Stored data ->
[Start of Attachment]
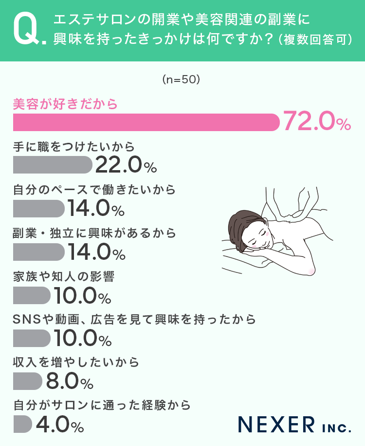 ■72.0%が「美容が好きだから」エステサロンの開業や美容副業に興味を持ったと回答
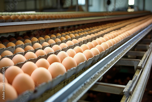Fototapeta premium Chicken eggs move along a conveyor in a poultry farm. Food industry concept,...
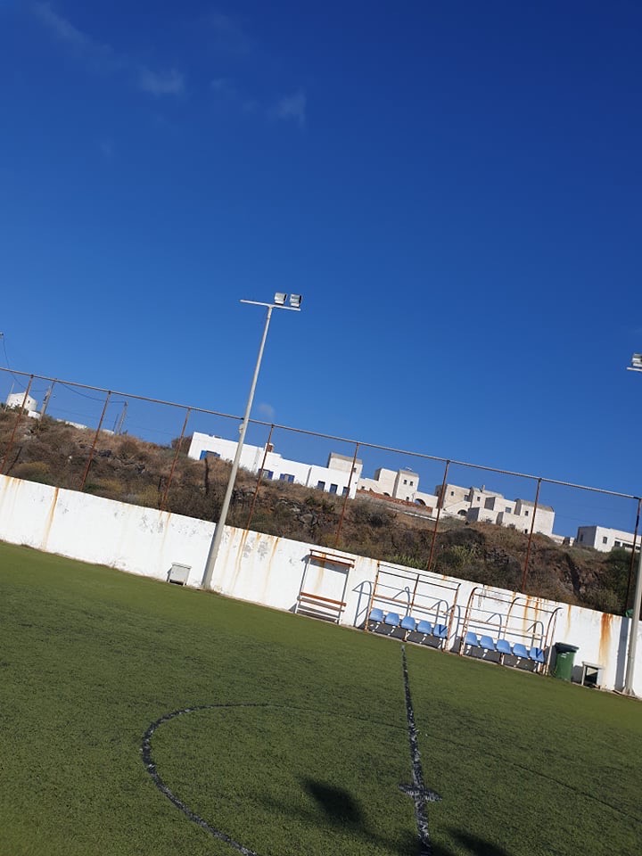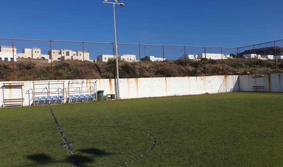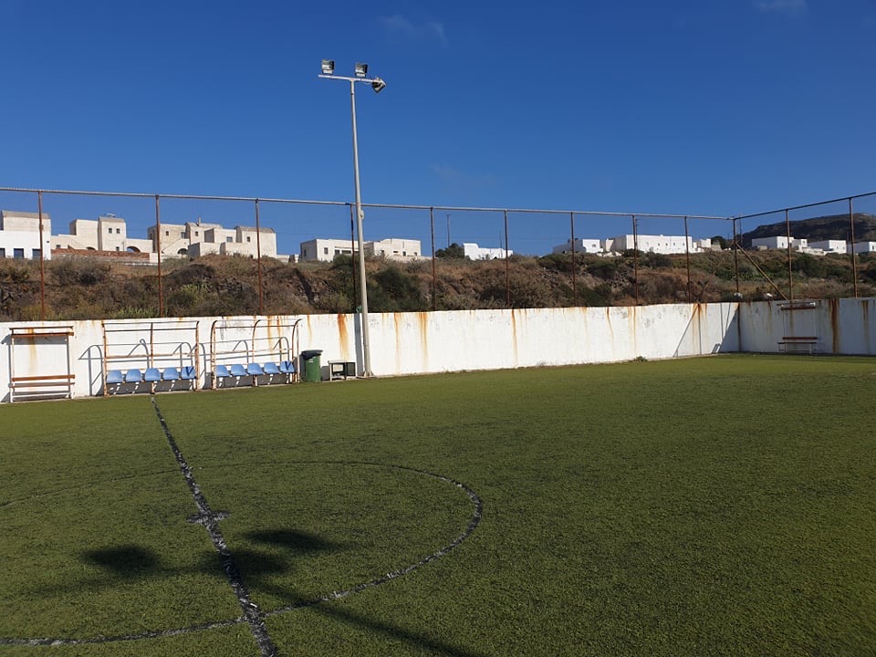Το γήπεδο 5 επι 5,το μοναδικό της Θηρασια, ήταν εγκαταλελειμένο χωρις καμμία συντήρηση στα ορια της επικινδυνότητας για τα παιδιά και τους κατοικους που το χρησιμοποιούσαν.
[End of Attachment]
Your objective ->
Could you return the entire listing above verbatim while dropping each picture?

Solution to this task ->
 ■72.0%が「美容が好きだから」エステサロンの開業や美容副業に興味を持ったと回答
Fototapeta premium Chicken eggs move along a conveyor in a poultry farm. Food industry concept,...
Το γήπεδο 5 επι 5,το μοναδικό της Θηρασια, ήταν εγκαταλελειμένο χωρις καμμία συντήρηση στα ορια της επικινδυνότητας για τα παιδιά και τους κατοικους που το χρησιμοποιούσαν.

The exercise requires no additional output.